It tells me about where it’s been, where it’s come from.  Hot and cold clashing violently far above me, far away from me, sending it howling down and far away from its cold homes to scour the warmer places, to strip away their warm blanket and leave them shivering in the storm.  Of the trees it felled.  Of the animals it froze.  Of the stones it cracked.  Of the lights it put out. 

Both our stories are very repetitive.  We’ve told them all a thousand times.  Life is like that, but so is everything else. 

***

The next day I have to go get more firewood. 

The wind is waiting.

We play our little game that we do every time, and it’s in high spirits now.  It whips and whistles at my ears, my legs, my hands.  I numb right through my clothing, my teeth shake inside my head until it feels they might fall out; my hands freeze to the axe and I almost chop my foot off six times as the fog creeps in from around my thoughts. 

I laugh and laugh and laugh and it laughs too, howling and wailing at my ears until there’s no sound and all until I kick in my door and stagger in and light the fire that puts things back into the world.

Oh, that was a close one. It nearly had me today, it did.  Oh it nearly had me today. 

***

I go walking.  The wind walks with me. 

We talk as we go, about aimless things.  Fancies and flights and hopes and dreams and imaginary frivolities.  I remember the last time I had hot chocolate.  It whispers about the drifts it pushes under trees and into thickets, where the deer are hiding from it.  I tell it about the time when all this was green, and it laughs at me until my cheeks are numb and white from grinning into it. 

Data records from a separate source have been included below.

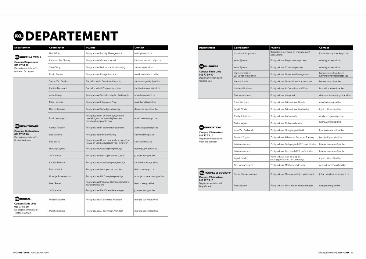 Departement Coördinator PG / BNB Contact Heidi Gilis Postgraduaat Facility Management heidi. gilis @ pxl. be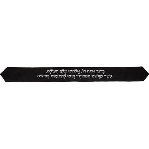 עטרה לטלית 9×100 ס"מ עם רקמה "ברוך" – שחור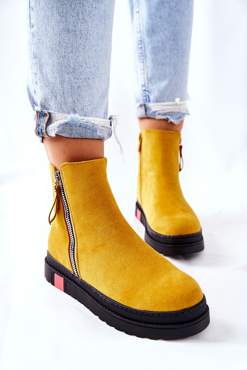 Замшеві черевики на платформі на шнурівці жовті Nessa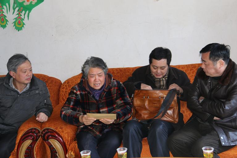 市中院和我院也分别给予了慰问金,领导们的看望慰问使彭芳兰同志感动得热泪盈眶。她说:“老阮出事后,院领导和同事们一直给予我很大的关心、帮助、支持和照顾,使我能够支撑住,渡过难关。今天,三级法院的领导在繁忙的工作中还来看望我们,让我再次感受法院这个大家庭的温暖和领导们对我家的关怀,我一定坚定信心,克服困难,继续照顾好老阮。”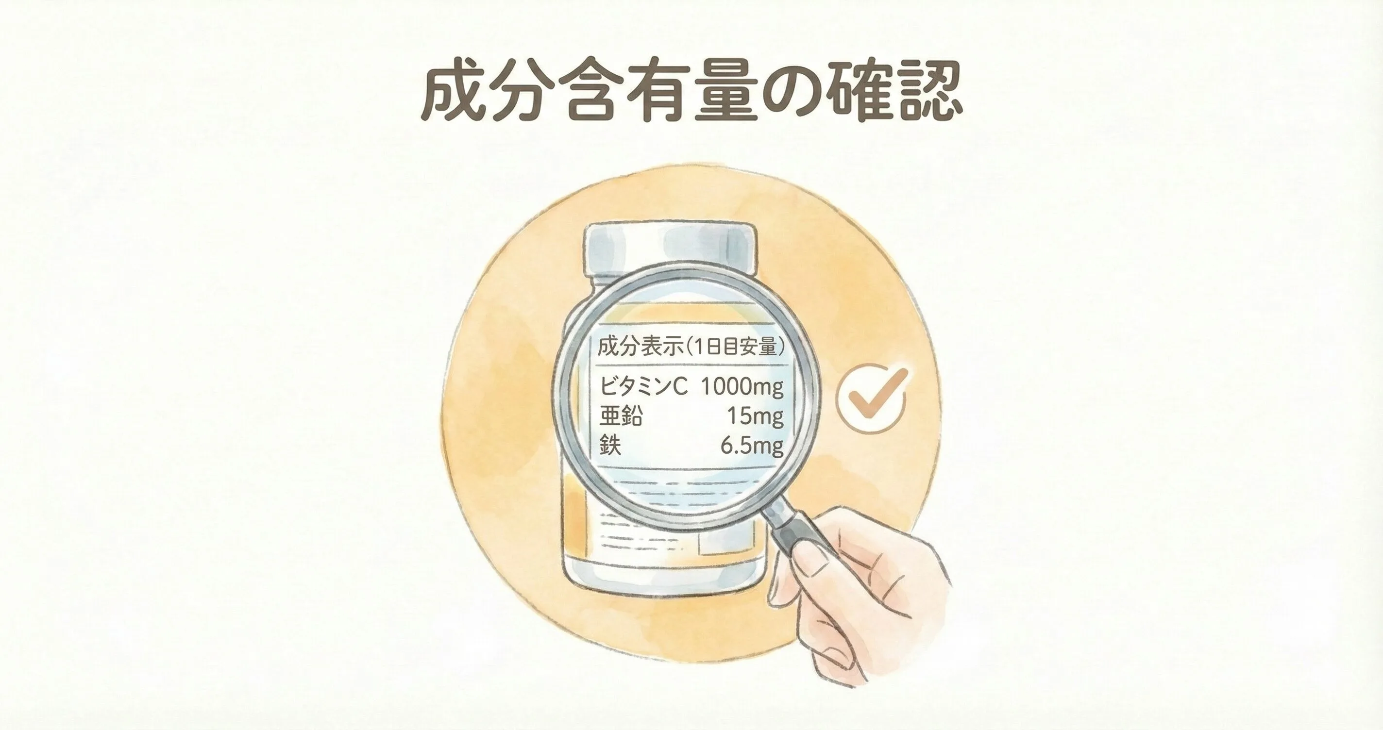 サプリメントを選ぶときは、成分名だけでなく含有量も確認することが大切です。

The wind knows all this was white before it was green, and it will be again, and again, and again.  It proves its point when I fall waist-deep into it, am smothered in it, nearly drowned in its leavings, a heaped-up mound that covered a dimple in the path and created a sinkhole that would make quicksand blush. 

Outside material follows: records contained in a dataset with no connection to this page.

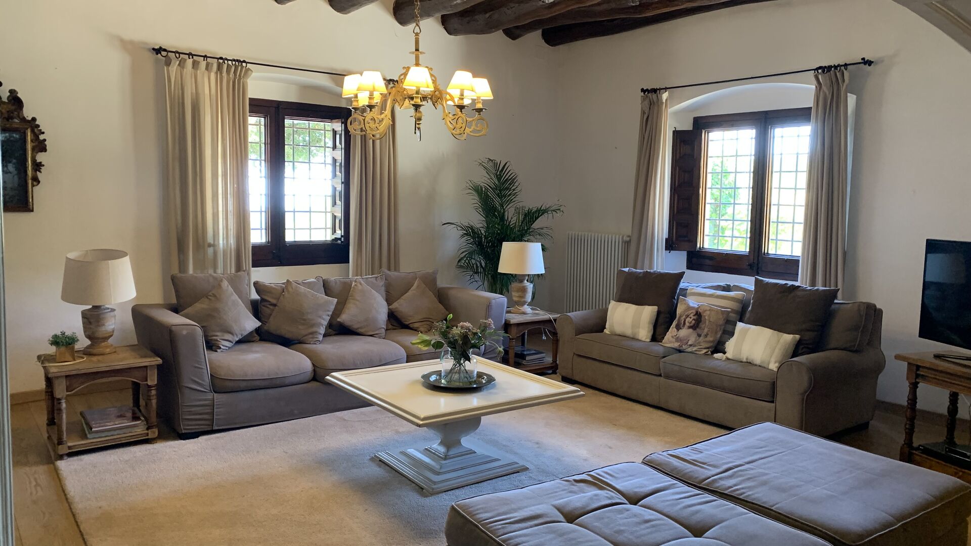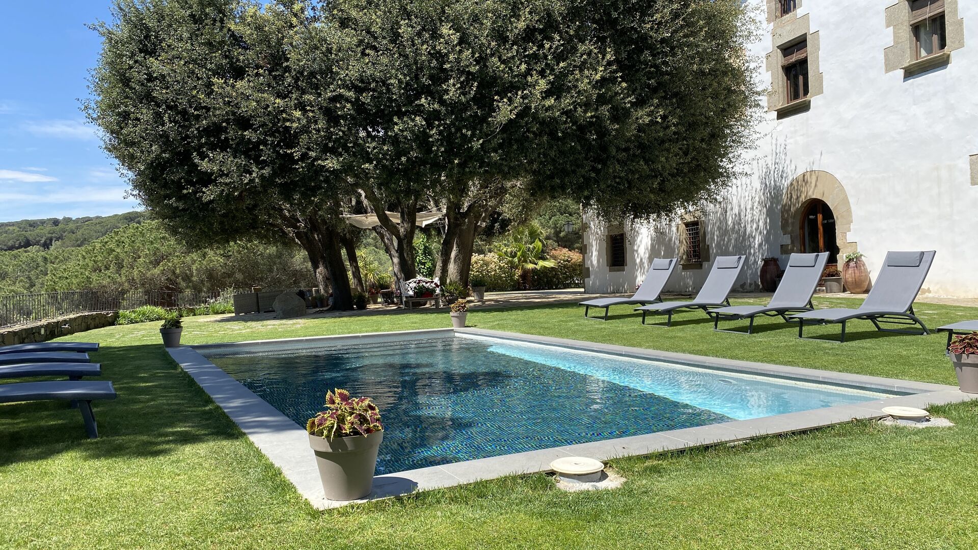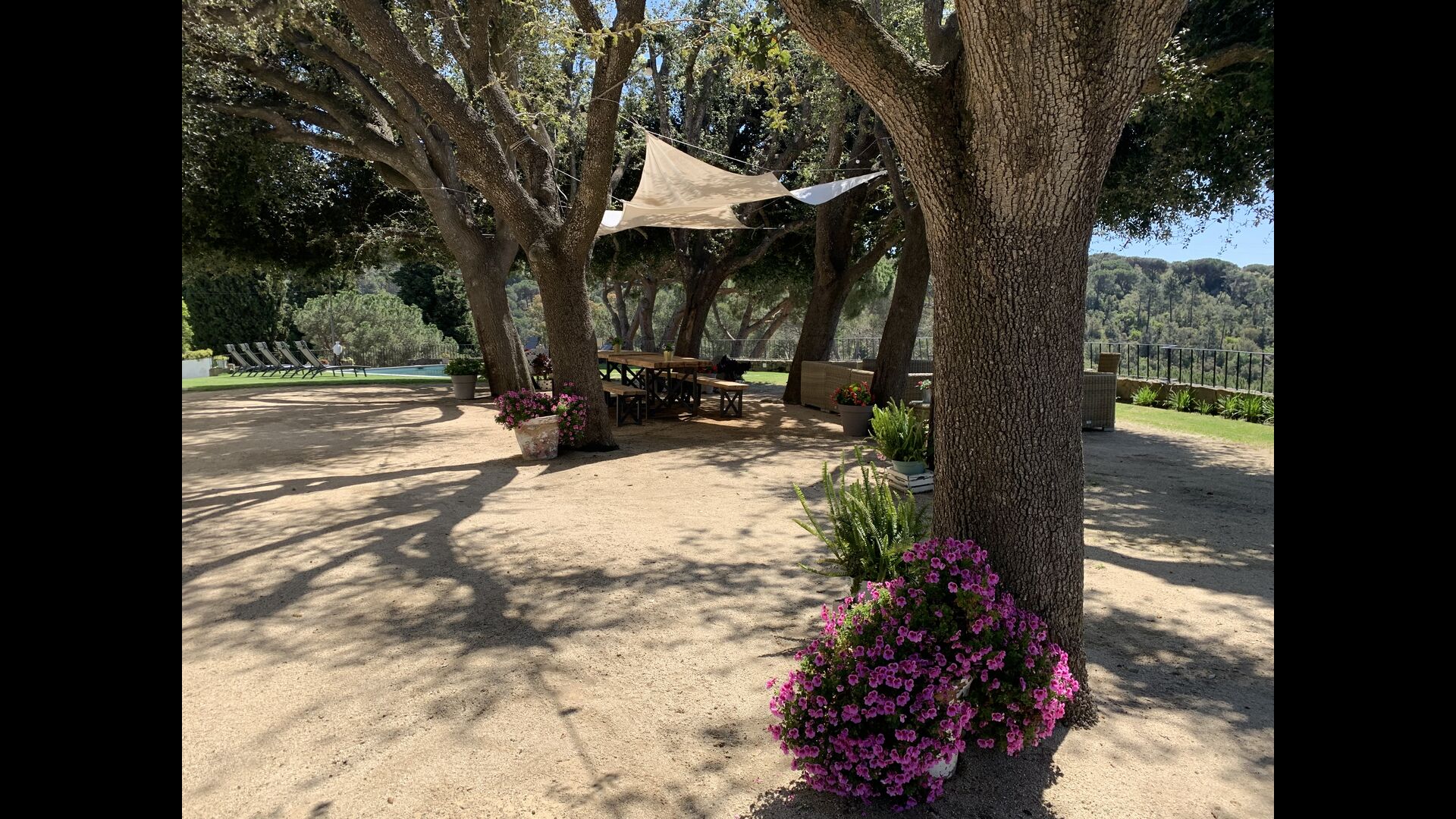 By the pool area you find a shady area with large dining table, which also shares the amazing view from the swimming pool. The perfect spot to enjoy outdoor meals or a drink with the entire holiday group, in the warm Catalan weather.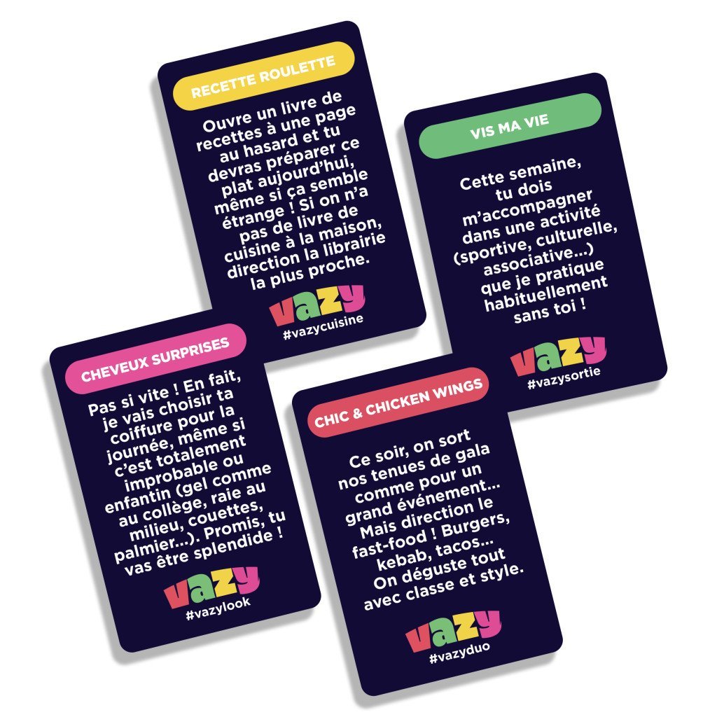 Dans Vazy, chaque joueur commence avec 30 cartes défi qu'il peut utiliser à tout moment. Les cartes sont variées, allant des défis classiques à ceux à réaliser discrètement, et même des cartes personnalisables pour laisser libre cours à votre imagination. Fixez un délai de jeu de 1 à 4 mois et préparez-vous à des instants hilarants tout au long de l’aventure.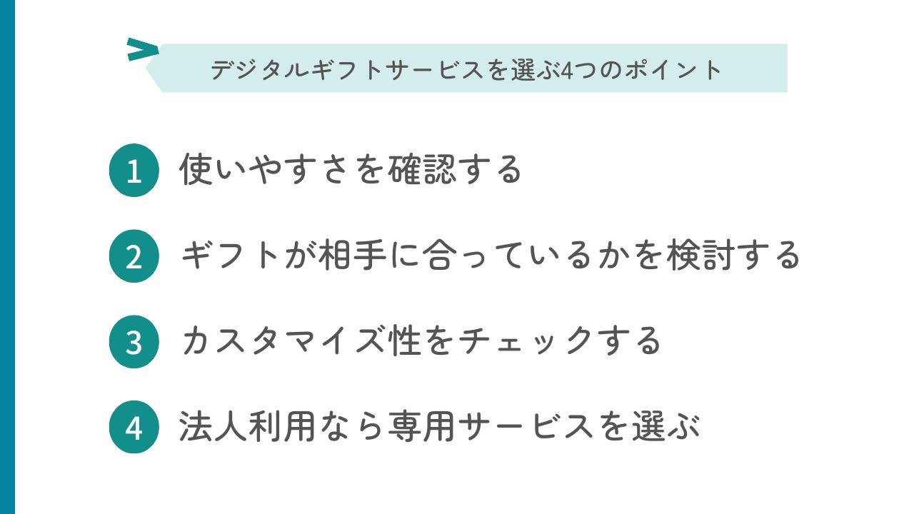 デジタルギフトはサービスごとに使い勝手や贈れる商品の種類、カスタマイズ性、法人向け機能などが異なるため、あらかじめチェックしておきたいポイントを把握しておくと安心です。

I dig myself out with my fingers and my guts and my heat and as I pull myself up my the roots and branches at closest grasp I shake someone’s hand. 

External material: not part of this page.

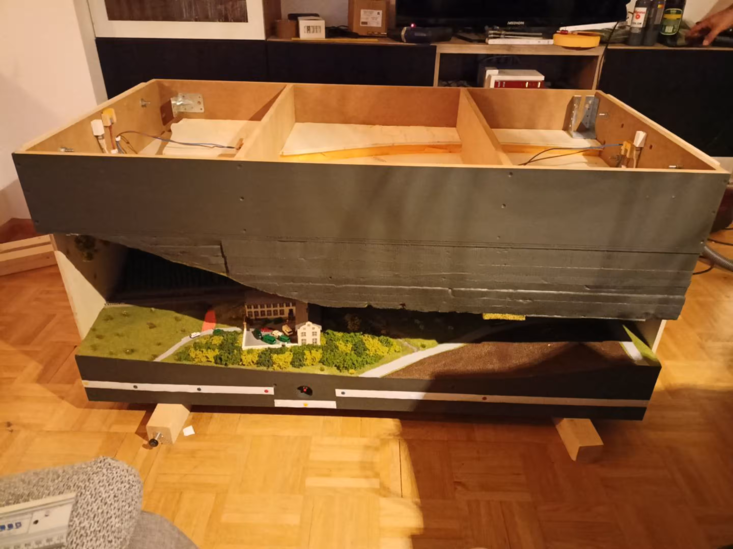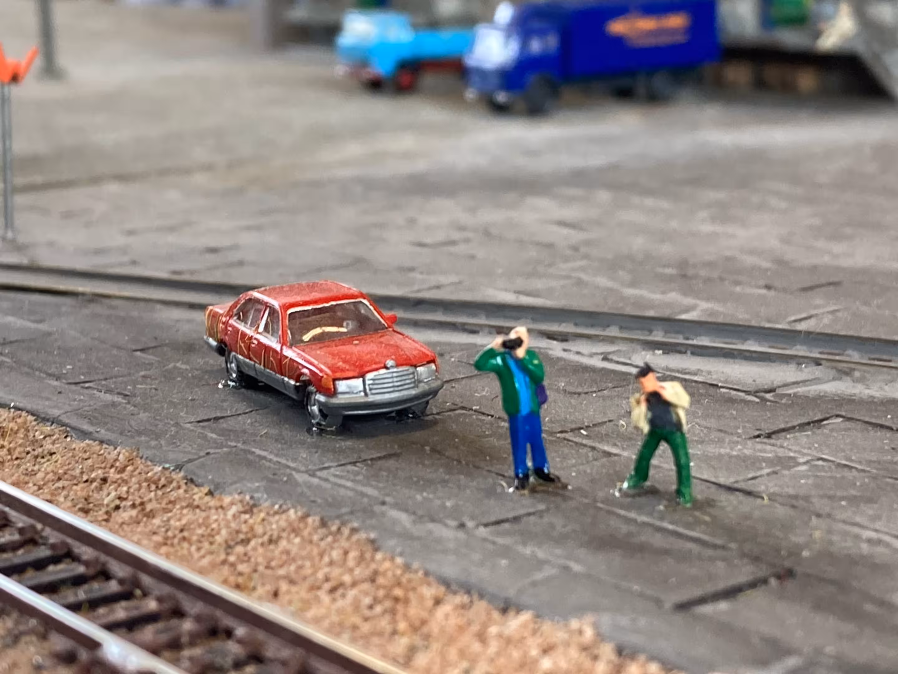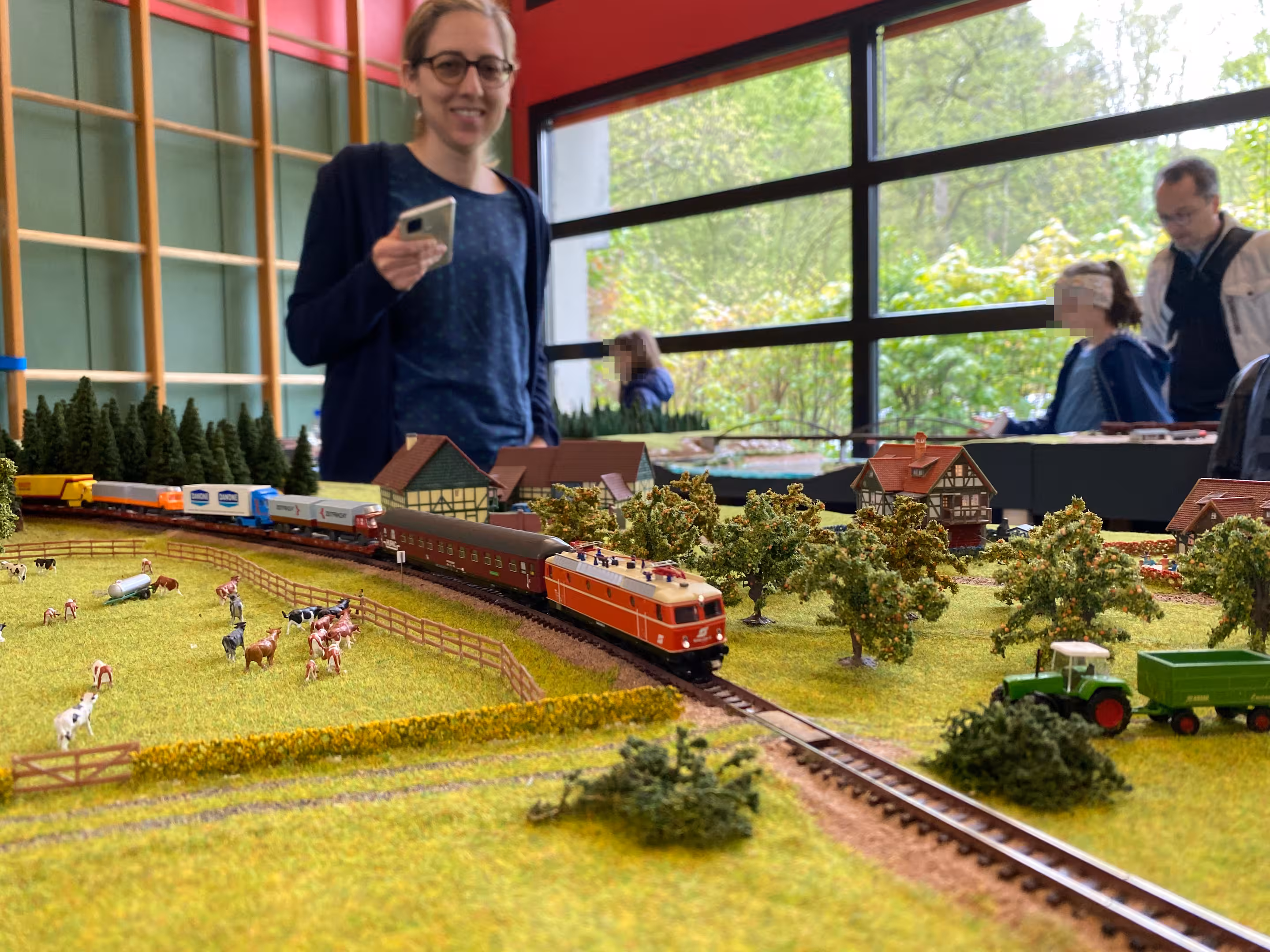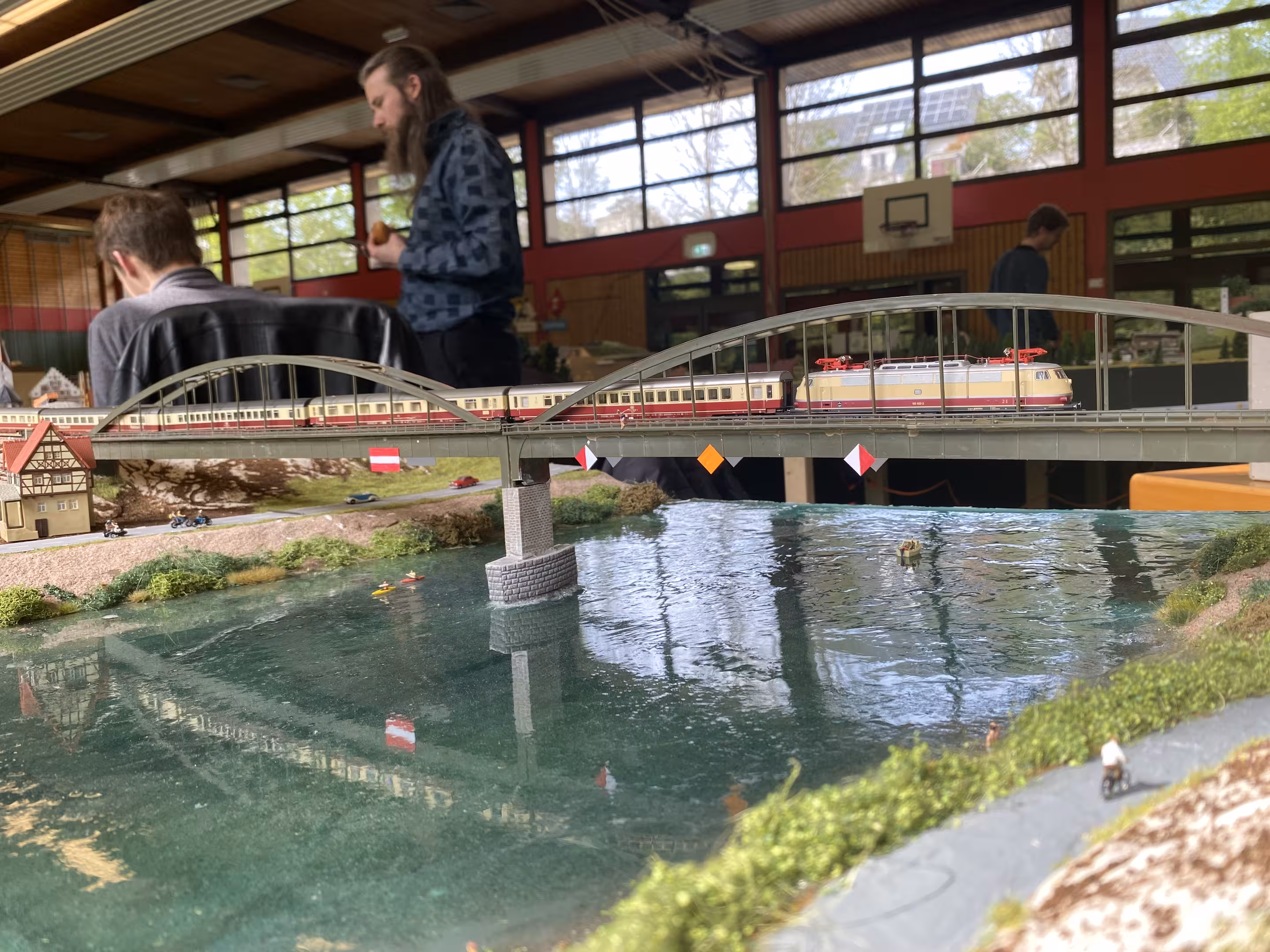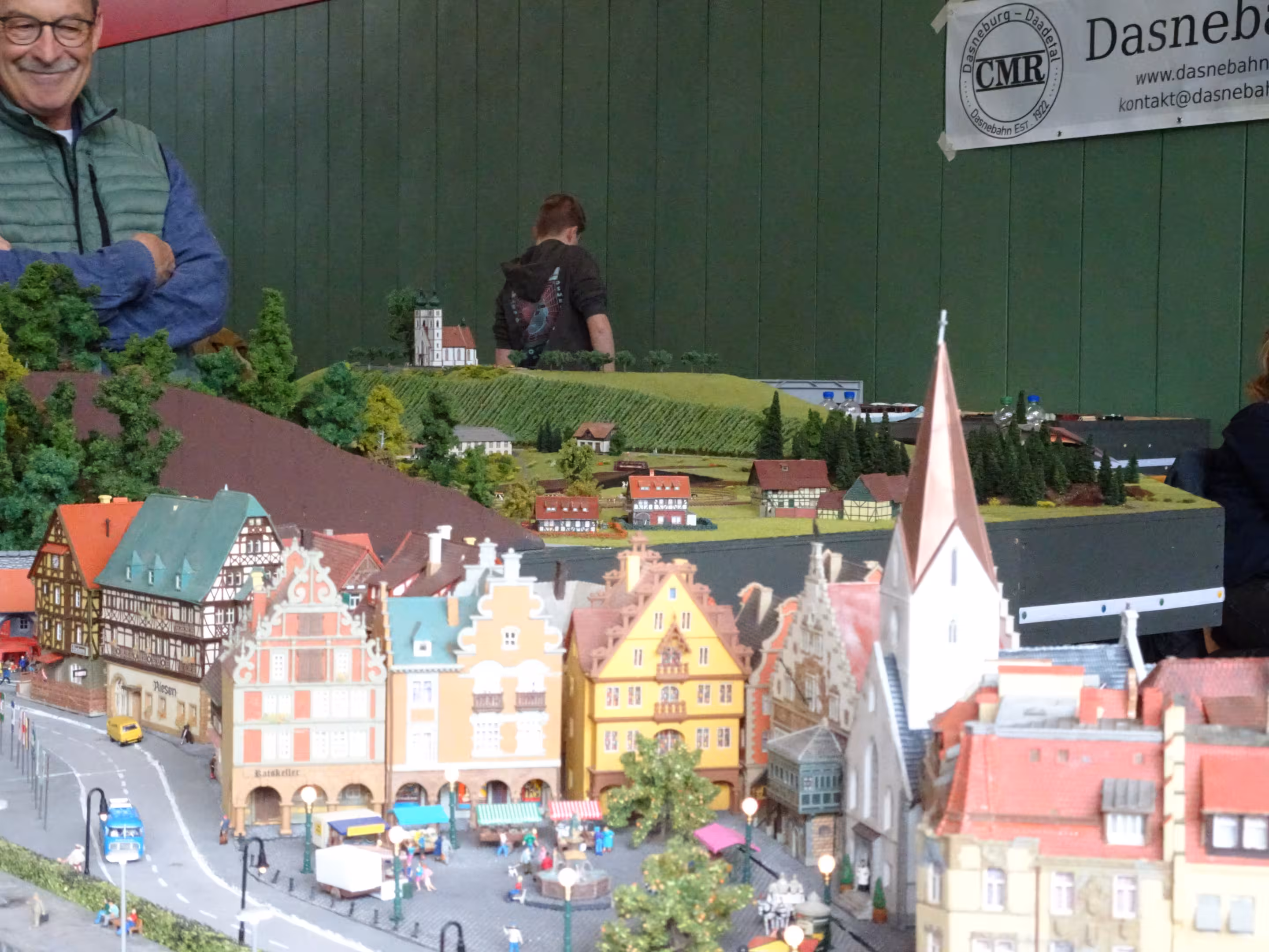 Desweiteren können wir wieder sagen: Unsere Anlage war ein Kindermagnet. Am 3. Ausstellungstag (1. Mai) war das Wetter trüber und es hat mehr geregnet – und so hat es auch mehr Familien in die Ausstellungshalle gelockt. Nicht nur die niedrige Anlagenhöhe, sondern auch das Miteinbinden in das Spielgeschehen hat zeitweise dafür gesorgt, dass an jeder Ecke Kindernasen über unsere Anlage starrten.

It’s strange to feel that.  It’s not at all like mine feels. 

Oh, and there’s a wrist and a palm and an arm and an elbow and a whole body with a face, a human face!

How surprising. 

The wind is surprised by this too, and it mutters itself into astonished silence the whole way home. 

I bring the human.  It’s something new.  I don’t know how to feel about something new.  Maybe further examination will tell me. 

***

The human wakes up after three days.  It makes noises at me with its mouth and its hands and its eyes.  I think it’s trying to communicate with me. 

I talk to it back.  I’m not sure it understands.  The fur above its eyes bunches when I talk. 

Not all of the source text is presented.